James T. Kloppenberg, a History professor and chair of the committee administering the Social Studies concentration, said he supports the secondary field. Kloppenberg said there is a strong desire among students and faculty members for a well-defined interdisciplinary field in the study of education.

“The questions of how people learn and how schools are organized are important to scholars in psychology, sociology, government, economics, literature, and history,” Kloppenberg wrote in an email. “Giving students a chance to augment their concentrations with a cluster of courses devoted the study of education makes perfect sense to me.”

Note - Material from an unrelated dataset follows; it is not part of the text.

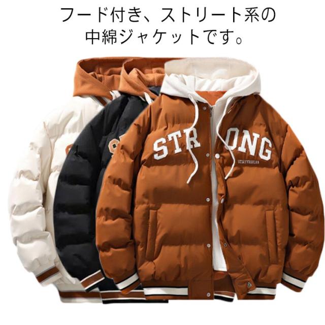 フェイクレイヤード 中綿ジャケット メンズ スタジャン ジャケット フード付き 秋冬アウター 中綿コート 大きいサイズ レディース ゆったり おしゃれ 防風 ストリート系 アメカジ M L XL 2XL 3XL 4XL

Both Kloppenberg and Merseth noted that some criticize the proposed field for potentially being pre-professional and contrary to the ideals of a liberal arts education. But both dismissed that idea as a common misconception.

“I know there are people who misunderstand ‘education’ to mean ‘teacher training’ and think that at, as such, it has no place in a liberal arts college,” Kloppenberg wrote. “I think that’s an error.”

Claudia Goldin, an economics professor who supports the proposed secondary in education, said the field would be a study of education as an institution, not a training program for would-be teachers.

“In my own department, there’s an enormous latent demand for a field that we would call ‘education,’ even though it is not a field about instruction or pedagogy or heuristics,” Goldin said. “It’s about the field of learning, the field of the diffusion and creation of knowledge.”

Merseth’s popular Gen Ed course United States in the World 35: “Dilemmas of Equity and Excellence in American K-12 Education”—for which almost 500 students lotteried this semester—helps students study education’s place in society, Merseth said. The proposed secondary could do something similar, she added.

“Students often are so narrowly tracked to get here that they really haven’t stopped to think about education as a broader subject that can be studied,” Merseth said. “What I want you to become aware of is that education, like government, like health, are things that are public goods, that are available to everyone, and permeate society.”

According to Kloppenberg, the next step for the creation of the secondary would be a recommendation from the Undergraduate Educational Policy Committee, followed by a Faculty vote.

Jennifer L. Hochschild, a professor of government and of African and African American Studies supportive of the secondary field, said she was hopeful that the proposal would move forward.

“We’re an educational institution,” Hochschild said. “The study of education seems to belong in a university and seems to belong in students’ ability to understand themselves—what they have been through, what they are now doing, their place in the world.”